I hate filler in a crab cake. Bobby Flay has a wonderful recipe that uses very, very little. My own recipe uses no filler. I just made it up and it works for us. I very, very lightly saute some chopped celery, fresh red pepper, fresh parsley, salt, Bay's seasoning, lemon zest, black pepper and scallions. You want some texture, but still want to slightly cook the mixture. Let it cool and add the crab very lightly so you don't break it up too much. I hold the mixture together with Duke's Mayo. Yes, they will be loose, but they will hold together. I never tried it with an egg...Worried about salmonella.
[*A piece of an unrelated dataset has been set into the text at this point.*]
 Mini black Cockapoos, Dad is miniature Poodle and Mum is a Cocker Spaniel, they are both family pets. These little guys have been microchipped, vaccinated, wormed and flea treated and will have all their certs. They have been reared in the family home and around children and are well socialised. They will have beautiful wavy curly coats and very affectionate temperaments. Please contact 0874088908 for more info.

I roll the crab cakes in Panko breadcrumbs. I clarify butter, place it in a oven corning ware, heat the butter (it will not burn) and add the crab cakes. They do not need much baking time. I just do it by sight. No, they will not have that deep pan fried apppearance. I guess you could pan fry them in clarified butter instead of baking them. I never tried them that way..yet
Anyway, I get 8 decent sized crab cakes that can serve 4 people for $16. Of course, you need some sides with that to make a nice full meal. Still, its reasonable and people love crab cakes. You don't need all the ingredients I use. Some recipes have just a few. It's all about the crab anyway. the stuff from Sam's is pretty darn good.